When Covid hit, we were gearing up to get production moving. We scoured all over for factories: from LA to Tennessee and beyond. It was a difficult search, but we found one factory we liked. The details were all there, but his communication was awful. The sample looked good, but ended up longer than the patterns somehow. So we moved to another guy. He answered the phone quickly, but once it came time to make the pattern, he did great with the denim sample, but couldn't handle the waxed canvas, and then he stopped answering the phone. We tried to have a company an hour from us make them here in Tennessee, but they refused to sew it how we wanted, and basically just told us know. either factories said we weren't going to order enough to be worth it to them. Understandable, but disappointing. We were stuck.
Finally, before I started to lose hope, I found one last factory who claimed to have worked with a few other brands that we respected and knew, and they were able to prove their claim. We knew we were getting someone. They are a small factory in LA's garment district focusing on denim, shirting, and jeans, with a small staff under 20 employees and communication skills we wished all our partners had. Finally, we felt we had found the right factory to work with.

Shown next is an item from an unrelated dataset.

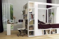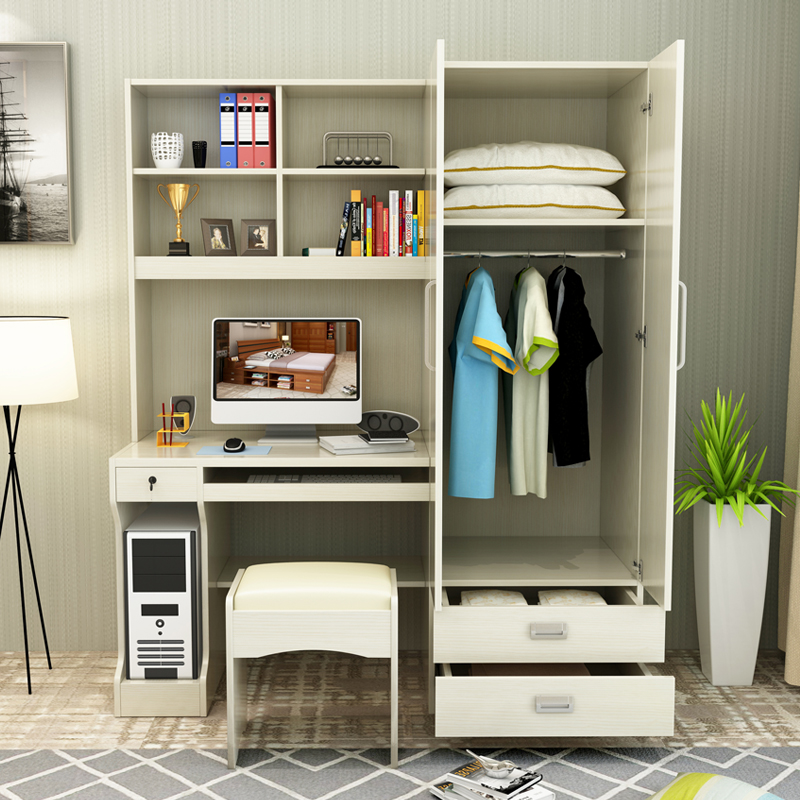 К тому же такой шкаф-трансформер может легко превратиться в рабочее место. Столешница может быть совмещена с платяным шкафом, но особенно удобно, когда над ней или вокруг нее устроены открытые полки и разнообразные ящики, позволяющие хранить рабочие и учебные материалы. Также их можно использовать для выставления памятных вещиц.

I spoke with the owner for an hour, and within three weeks, we had a sample back in hand. By this time it was September and our deadline was looming. We ended up having to push it back even further, and launched a preorder over Black Friday weekend. All the fabrics and patterns arrived to the cutter, we paid our deposit and production began. The owner of the factory kept us in the loop every step of the way, messaging us with the smallest details to make sure they had it correct. Production actively took about two months and after a week shipping, we had them in hand. By now, it's mid-March 2021, and we had our order of handmade waxed canvas and denim cayman Jacket in hand! They turned out beautifully, and to the same quality as if we had made them in house.
Why made in a factory?
It wasn't an easy decision to outsource these jackets. Almost all of our products are made in house. We wanted to make them in house, but to do that would require space we don't have (Nashville building rent is very expensive), more employees, and our other products would suffer. I've always read that the best business owners surround themselves with people better and more skilled than them, so that's what we did.
We went to a specialist manufacturer would had the half dozen machines required to make these already, and our regular product production did not suffer. It's important to us to partner with strategic, ethical factories here in the US who pay a living wage whenever necessary. As we continue to grow and develop our clothing range, we will begin to bring in these same machines needed for clothing, and plan to develop more jackets, small batch runs, jeans, work pants, and more, with some being made in house, and some made in our partner factory. Loyal Stricklin's future trajectory is more than just wallets, and bags, but a full line of clothing and lifestyle goods, all built to the same exacting standards that we always have. We can't wait to show you what else we come up with.
If you've made it this far, thank you for reading, and thank you for your support, whether it's a purchase, a review, a like, a comment, or a follow, we truly appreciate it. A lot of work goes into what we do, and products can take months or years to develop. I hope this has shown y'all a little more of what goes into our work, and I hope you find what we make worthy of including in your daily wear.